According to the above configuration (7), when the “supercharge mode” is selected by the mode selection means, the fuel cell control unit outputs an output obtained by subtracting the vehicle required output from the maximum efficiency output of the fuel cell. When the received power is exceeded, the output of the fuel cell is limited to the sum of the required vehicle output and the received power of the secondary battery, and the secondary battery is charged, so that the predetermined charging rate in the “super charge mode” is reached. Can be charged up to.
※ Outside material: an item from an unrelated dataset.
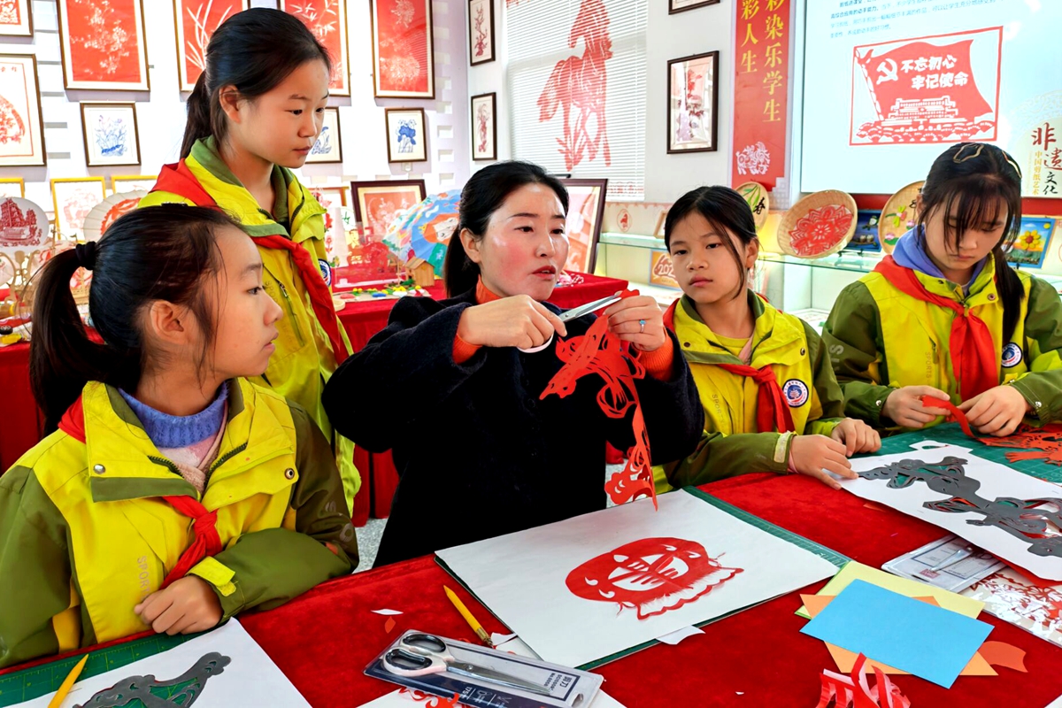 “一张红纸,一把剪刀,一双巧手剪出万千世界。”走进剪纸社团的课堂,孩子们沉浸在剪纸制作的乐趣中,每一处镂空都透着细腻与匠心,指尖流转间勾勒出非遗的独特风姿,纸韵翩跹中聆听文化的低语。以非遗为媒,让孩子们在创意体验中领略剪纸艺术的魅力,更让剪纸文化融入校园的每一个角落,将校园打造成一个充满剪纸艺术氛围的大舞台。(刘东 蔡春芳)

  According to at least one embodiment of the present invention, in a power supply device for an electric vehicle including a fuel cell and a secondary battery, the power generation at the highest efficiency output of the fuel cell is a lower limit value and a target value greater than the lower limit value. By performing between the two, it is possible to improve the fuel efficiency compared to the case where the operation with the highest efficiency output is controlled at a predetermined constant charging rate.

1 is a schematic configuration diagram of a power supply device for an electric vehicle according to an embodiment of the present invention. It is a control table explaining the operation control of a fuel cell. It is a characteristic view which shows the relationship between a fuel cell output (FC output) and vehicle efficiency. It is a characteristic view which shows the relationship between secondary battery receivable electric power and a charging rate (SOC). It is a control flowchart in the fuel cell control part of the power supply device of the electric vehicle which concerns on one Embodiment of this invention. 6 is a control flowchart of “normal mode control” in FIG. 5. 6 is a control flowchart of “emergency mode control” in FIG. 5. 6 is a control flowchart of “save mode control” in FIG. 5. 6 is a control flowchart of “charge mode control” in FIG. 5. 6 is a control flowchart of “supercharge mode control” in FIG. 5. It is a control flowchart in the fuel cell control part of the power supply device of the electric vehicle which concerns on other one Embodiment of this invention.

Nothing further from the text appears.